The future of CAD software
Bricsys, the global provider of the BricsCAD® brand of engineering design software, is celebrating its 20th anniversary. Founded in Belgium in 2002 by Eric de Keyser, Bricsys has grown from a single CAD solution to serving the broader AEC market with a range of integrated products, including BricsCAD BIM and BricsCAD Mechanical. Today, the company has more than 300,000 users, ranging from small architecture firms to some of the largest engineering organizations around the world.To get more news about mechanical cad software, you can visit shine news official website.
PBC Today sat down with Bricsys CEO Rahul Kejriwal to learn its secrets for developing successful CAD software and where Kejriwal sees the software evolving in the future to better serve the AEC industry.
We have several products. BricsCAD is our core solution, which we developed to provide designers, contractors and fabricators with a simple design software that was fully compatible with their existing tools.
We offer a CAD platform that supports everything from 2D design to 3D modeling, all based on the use of a single .dwg file format. Rather than jumping from one file type to another, or one software platform to another, users gain a continuous workflow from design through fabrication, fully supported by high data quality and integrity.

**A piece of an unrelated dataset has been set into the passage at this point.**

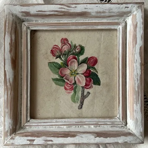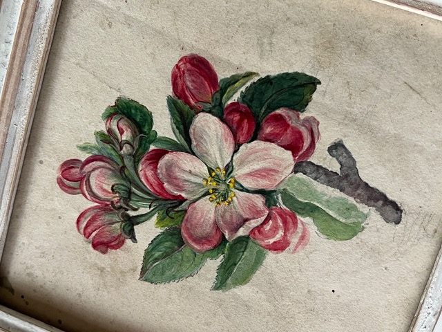 I have a weakness for watercolours and have been collecting them for several years. Many have appeared in the pages of The Stitcher’s Journal, as I feel watercolour painting is possibly the most instructive source for silk shading in embroidery. I wait patiently for the right frames to come along, a sort of yentl (matchmaler) for painting and frame. It is really unusual to find square vintage frames. I have the most wonderful framer who never baulks at being asked to use my antique frames and who frames pieces with such creativity and care. Very often, these artworks have lain in portfolios and come to auction when an elderly relative dies. I always used Art or Museum-grade glass, which increases the cost of framing, as I feel I am preserving these precious pieces of art for a new lease of life, finally, on a wall or shelf where they will be seen and enjoyed. I am pleased that they have also been recorded in The Stitcher’s Journal, of which a copy of each issue is required to be sent to The Brtitish Library.

We’ve built upon the success of BricsCAD with three other solutions. BricsCAD BIM is a comprehensive solution for building information modeling. BricsCAD Mechanical supports the mechanical design within AEC spaces. All of these solutions are offered together within the BricsCAD Ultimate package. In addition, we offer a cloud collaboration product, Bricsys 24/7. This ties everything together by simplifying the real-time transfer of data.We think of Bricsys as David in the “David vs. Goliath” software development landscape. Within our industry, there are several large, incumbent players that have been around for 40 or 50 years. In my opinion, a lot of these larger companies lost their way somewhere along the line. In the early 1980s and ’90s, they delivered cutting-edge software. Yet in the last 20 to 30 years, technology innovation seems to have stalled. The industry has been stuck. When we speak to customers, interoperability remains a big issue.
For example, everybody talks about the efficiency BIM is meant to deliver. There was a promise that these tools would strengthen efficiency within the construction industry, yet we haven’t really seen that carried through the entire AEC workflow. Instead, we’ve seen small step advantages that continue to be forced down different industry silos. BIM was meant to eliminate these silos.First and foremost, anything and everything we create is open. Interoperability is our first pillar. All users need to be able to get data in and out of the software as seamlessly as possible.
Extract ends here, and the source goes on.